Last Reviewed on June 19, 2019, by eNotes Editorial. Word Count: 261
As Linda Grant points out in The Guardian's review of I Married a Communist (see the link below), much of Roth's book is a reflection of his own failed marriage to the actress Claire Bloom. As Grant writes, Roth's motive in writing the book seems to be partly to gain revenge against Bloom.
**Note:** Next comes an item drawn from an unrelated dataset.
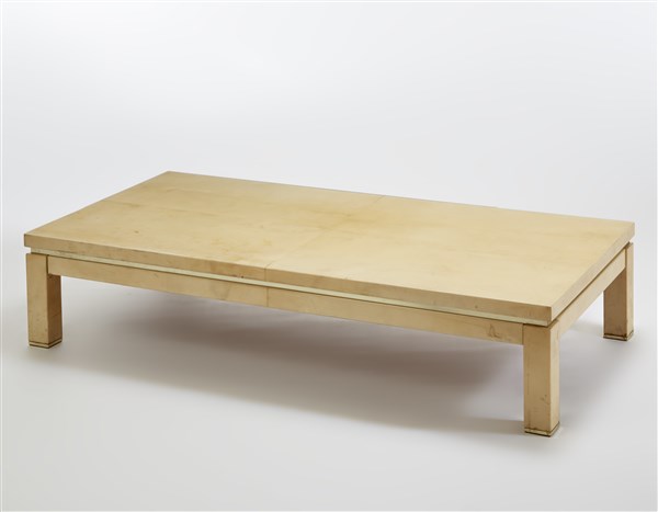 Tavolino da salotto con gambe e piano in legno rivestiti in pergamena bianca trattata con vernice trasparente al poliestere, elementi in ottone. Italia, anni '50/'60. Recante firma indecifrata sul fianco. (cm 180x37,5x90) (difetti)

Bloom is in many ways similar to the character of Eve Frame. Eva is the Jewish wife of Ira Ringold, whom the main character (Nathan Zuckerman) hears about from Ira's brother, Murray. After Claire Bloom's relationship with Roth ended, she wrote a memoir called Leaving a Doll's House that was incredibly critical of the relationship and that stated Roth's antagonistic relationship with her daughter in part caused the breakup. In I Married a Communist, Ira Ringold does not get along with Eve Frame's daughter, Sylphid, who convinces her mother to abort Ira's child. Later, Eve Frame writes a book called I Married a Communist, which destroy's Ira's career during the McCarthyism of the 1950s. Roth's novel is in part a method of getting revenge against Claire Bloom, many critics believe.
In addition, this novel is a meditation on the way in which history affects those in its grasp. While Ira is caught up in a personal battle with his wife, Eve, he is also affected by the anti-communism of the 1950s. McCarthyism also affects Nathan Zuckerman, who is caught up in the attraction of communism. In Roth's novel, characters find that the political is personal and that their lives are part of the larger currents of American life.